Au début la déstabilisation a été totale. C’est simple, je n’ai rien compris. Qui est le narrateur, de quoi parle-t-il ? Où sommes-nous ? À quelle époque ? Que s’est-il passé pour que l’on en arrive là ? Le flou complet ! Je suis heureusement assez vite retombé sur mes pieds. Une grosse louche de dystopie, une fable philosophique qui ne dit pas son nom, une dénonciation de notre rapport aux animaux, une interrogation sur la notion de responsabilité, une réflexion sur la loi du plus fort qui finit toujours par desservir ceux voulant l’appliquer… rien que ça oui.
C’est donc particulièrement dense, assez perché, et le raisonnement est très construit. Trop même.
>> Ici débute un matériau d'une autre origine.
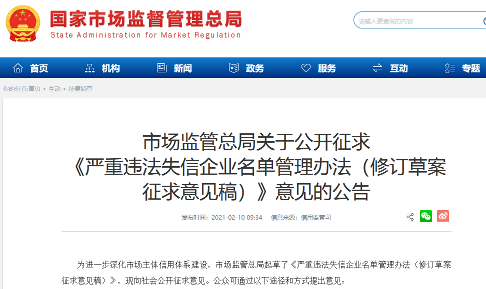 为进一步深化市场主体信用体系建设,市场监管总局起草了《严重违法失信企业名单管理办法(修订草案征求意见稿)》,现向社会公开征求意见。公众可通过以下途径和方式提出意见:

Le narrateur théorise énormément, j’ai parfois eu l’impression d’être dans un essai plutôt que dans un roman. Il donne beaucoup d’explications, absolument nécessaires, j’en conviens, mais qui nuisent à la fluidité de l’histoire en elle-même. Une histoire qui avance d’ailleurs peu. Ou très lentement. Et puis c’est bien trop psychologique pour moi. Et trop politique aussi (les débats au parlement m’ont assommé).
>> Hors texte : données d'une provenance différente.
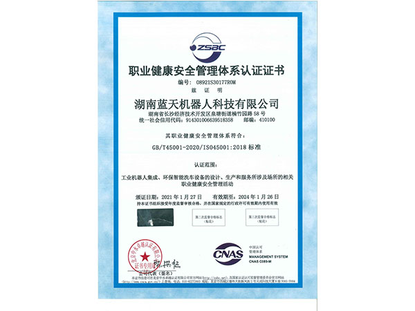 職業健康安全管理體系認證證書

Après, je suis obligé de reconnaître que le propos est solide, cohérent, engagé et pertinent. C’est un roman culotté, ambitieux, qui ne se cache pas comme tant d’autres derrière son petit doigt. Rien que pour cela j’admire la démarche et la prise de risque. Mais ce n’était tout simplement pas un roman pour moi, ce qui en soi n’a rien de dramatique. Même si je sais que celle qui a eu la gentillesse de me l’offrir aurait préféré que je l’adore. On va dire que ce n’est que partie remise.
Défaite des maîtres et possesseurs de Vincent Message. Seuil, 2016. 300 pages. 18,00 euros.